Burt Shavitz, Scruffy Face of Burt’s Bees, Dies at 80
He was not on the list.
Burt Shavitz, a rural beekeeper whose homespun marketing for
natural personal care products transformed him from an unknown recluse into the
familiar scruffy face of a line of balms that healed a million lips, died on
Sunday in Bangor, Me. He was 80.
The cause was respiratory problems, said Christina Calbi, a
spokeswoman for Burt’s Bees, the company Mr. Shavitz co-founded in 1984 and
which was sold to Clorox in 2007 for about $925 million. The brand still bears
his bearded visage, wistful eyes and signature striped locomotive engineer’s
cap.
Even after the sale, Mr. Shavitz remained a paid spokesman
for Burt’s Bees, though he had returned to his hermit’s existence in a
400-square-foot converted turkey coop in Parkman, Me., northwest of Bangor. The
abode was equipped with a radio and refrigerator but not a television or
running hot water.
“I realized I had it
made,” he once said, “because you don’t have to destroy anything to get honey.
You can just use the same things over and over again, put it in a quart canning
jar, and you’ve got $12.”
Burt Shavitz, a founder of Burt's Bees, in 2014. Credit
Andrew H. Walker/Getty Images North America
In 1984, Mr. Shavitz picked up a 33-year-old hitchhiker,
Roxanne Quimby, who became his business and romantic partner. Ms. Quimby, a
former 1960s radical, first recycled his leftover beeswax into candles. Then,
improving on a formula found in a 19th-century farmer’s journal, she combined
the wax with sweet almond oil, and Burt’s Bees lip balm was born, in 1991.

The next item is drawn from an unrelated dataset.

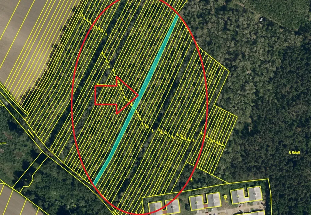 - p.č. 13729 vedená jako lesní pozemek o celkové výměře 2 183 m2, z toho vlastníme podíl 5/6 tedy 1 819 m2 (stáří lesa 73 let - zastoupení dřevin akát).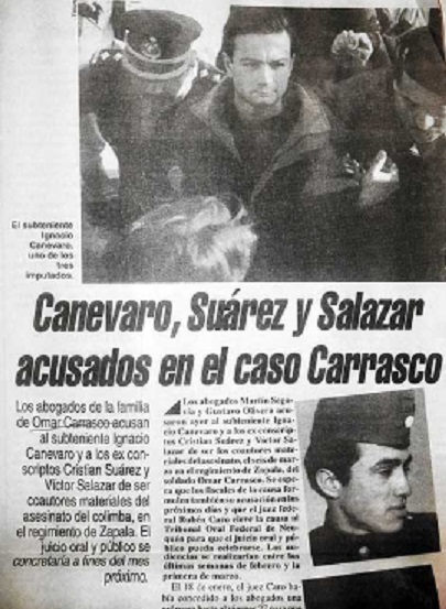 A Carrasco el subteniente Ignacio Canevaro lo bailó por lo menos durante 20 minutos. Dos soldados más antiguos, VÃctor Salazar y Cristian Suárez, le escondieron el lampazo con el que debÃa limpiar. Omar era blanco de bullying. Y del militar. Ellos fueron los últimos que lo vieron con vida y fueron detenidos e incomunicados por la justicia militar. La otra, la de todos, estaba en manos del juez Rubén Caro.

Before long, what had been a $3,000-a-year subsistence
business was transformed into a multimillion-dollar purveyor of eco-friendly
lip balm, lotions and soaps packaged in school bus yellow containers.
The ingredients weren’t new, but the market for organic beauty
ointments was booming. “Many of the products we produced were also produced by
Cleopatra,” Mr. Shavitz said.
The original peppermint lip balm is still the brand’s best
seller.
This rural beekeeper’s roots were distinctly urban. Ingram
Berg Shavitz was born in Manhattan on May 15, 1935. His father, Edward, was an
actor. His mother, the former Nathalie Berg, was a sculptor and artist. He grew
up in Flushing, Queens, and on Long Island, in Great Neck. He attended college
in Delaware but was drafted before he finished and served in the Army in
Germany. He also changed his name to Burt.
Instead of joining his grandfather’s graphic design
business, he studied photography, worked part-time for Time-Life as a
photojournalist and covered for various publications John F. Kennedy’s
inaugural, Malcolm X and the civil rights movement, and the first Earth Day, in
1970.
That same year he accepted an arts grant in Ulster County,
N.Y., and left Manhattan for good, vacating his $30-a-month apartment on Third
Avenue and East 92d Street and heading north with his Volkswagen van and
motorcycle.
In Ulster County he worked as a caretaker at Mohonk Mountain
House and learned beekeeping as an avocation before eventually moving to Maine.
He was driving his yellow Datsun pickup when he spotted Ms. Quimby, a would-be
graphic artist getting by as a waitress, hitchhiking from her cabin near Lake
Wassookeag in Maine to the local post office.
Their partnership endured for about a decade, ending not
long after sales had reached $3 million annually and the company had moved to
North Carolina, in 1994, to take advantage of lower taxes and a larger labor
pool. Mr. Shavitz said he was forced out after having an affair with an
employee. Ms. Quimby bought his one-third share for $130,000 (she owned the
other two-thirds), but gave him $4 million more after the company was sold.
“Burt and I shared a long and unique journey through many
years and probably many lifetimes together and apart,” Ms. Quimby said on
Monday. “I don’t assume that his passing marks the end of that journey.”
Mr. Shavitz, who died in a hospital, is survived by a
brother, Carl.
Mr. Shavitz fell in love with Maine on childhood vacations.
“I’ve got 40 acres,” he told The New York Times last year.
“And it’s good and sufficient and it takes good care of me. There’s no noise.
There’s no children screaming. There’s no people getting up at 5 o’clock in the
morning and trying to start their car and raising hell. Everybody has their own
idea of what a good place to be is, and this is mine.”
He had hawks and owls and stunning sunsets and his neighbors’
good will, he explained, and no claims to gregariousness. Two of his dogs were
listed by name in the local telephone directory; he wasn’t.
“A good day,” he said in the documentary, “is when no one
shows up and you don’t have to go anywhere.”